TÜSİAD Başkanı Haluk Dinçer, STEM zirvesinde ekonomiye dair görüşlerini aktardı.
Türk Sanayicileri ve İşadamları Derneği (TÜSİAD) Yönetim Kurulu Başkanı Haluk Dinçer, “Teknoloji ithal ederek, cari açık problemini sürekli yaşayarak, orta gelir tuzağına takılı kalarak 21. yüzyılın rekabet koşullarında ayakta kalmamız mümkün değil” dedi.
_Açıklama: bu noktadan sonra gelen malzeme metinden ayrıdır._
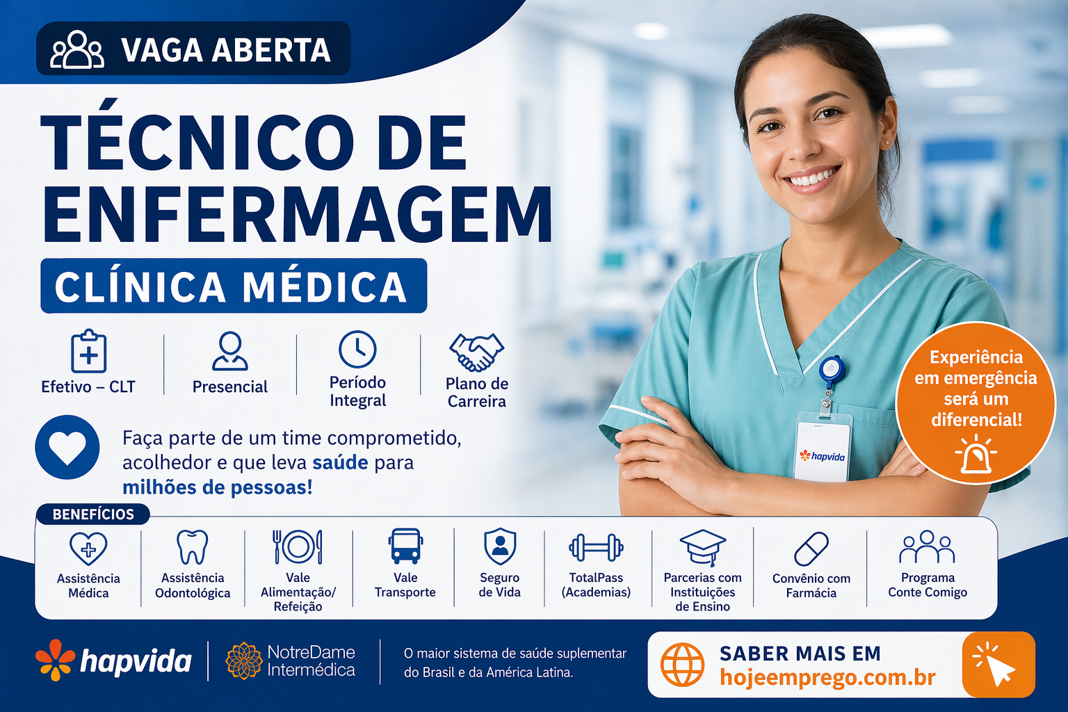 Se você está em busca de uma oportunidade na área da saúde, essa pode ser a sua chance! O Hapvida NotreDame Intermédica, considerado o maior sistema de saúde suplementar do Brasil, está com vaga aberta para Técnico de Enfermagem – Clínica Médica na região do ABC Paulista.

TÜSİAD, Samsung ana sponsorluğunda, Kibar Holding, Koç Holding ve Siemens sponsorlukları, Türkiye Metal Sanayicileri Sendikası ve Türkiye Tekstil Sanayii İşverenleri Sendikası’nın destekleriyle “Science, Technology, Engineering, Mathematics (STEM) / Fen, Teknoloji, Mühendislik, Matematik” eğitiminin önemini ve bu alanda iş gücüne duyulan ihtiyacı vurgulamak amacıyla zirve düzenledi.
İNSANA YATIRIM YAPILMALI
Haluk Dinçer, zirvenin açılışında yaptığı konuşmada, teknolojinin gelişmesi ve ekonomide bilginin ağırlığının artmasının, hem mikro planda bireylerin hayatını hem de makro planda ülkelerin ekonomik performansını çok yakından etkilediğini söyledi. İnsana yatırım yapan, bilim ve teknoloji üreten ülkelerin ekonomik büyümelerini de sürdürülebilir hale getirmeyi başardığına işaret eden Dinçer, ekonomik gelişmişlik ve kalkınma seviyesi ile inovasyon ve teknoloji oluşturma kapasitesi arasında doğru orantılı bir ilişki olduğunu vurguladı.
ORTA GELİR TUZAĞINA DİKKAT
Dinçer, Sanayi Strateji Belgesi’nde de sanayinin rekabet edebilirliğinin ve verimliliğinin yükseltilmesi, dünya ihracatından daha fazla pay alacak şekilde yüksek katma değerli ve ileri teknolojili ürünlerin üretilmesinin bir vizyon olarak ortaya konduğunu anımsattı. “Gerçekten de teknoloji ithal ederek, cari açık problemini sürekli yaşayarak, orta gelir tuzağına takılı kalarak 21. yüzyılın rekabet koşullarında ayakta kalmamız mümkün değil” diyen Dinçer, Türkiye’nin sürdürülebilir büyüme ve kalkınma için en büyük itici gücünün insan gücü olduğuna dikkati çekti.
TÜSİAD Başkanı Dinçer, 2041 yılında Türkiye’de çalışma çağındaki nüfusun 65 milyona ulaşmasının beklendiğini hatırlatarak, bu potansiyelin en iyi şekilde değerlendirilmesi gerektiğini belirtti.
KALKINMANIN TEMELİ EĞİTİM
Dinçer, “Eğitimin, kalkınmanın en temel taşıyıcı unsuru olduğunun altını her zaman kuvvetle çiziyoruz. Bugün ise özel olarak, fen, teknoloji, mühendislik, matematik, yani İngilizce kısaltmasıyla ‘STEM’ konusunda eğitimin ve iş gücünün önemini vurgulamak istiyoruz. Çünkü STEM eğitimi ve iş gücü, bilgi ekonomisinin olmazsa olmazı. İnovasyon ve rekabetçilik endekslerinde de iyi bir konumda sayılmayız” dedi.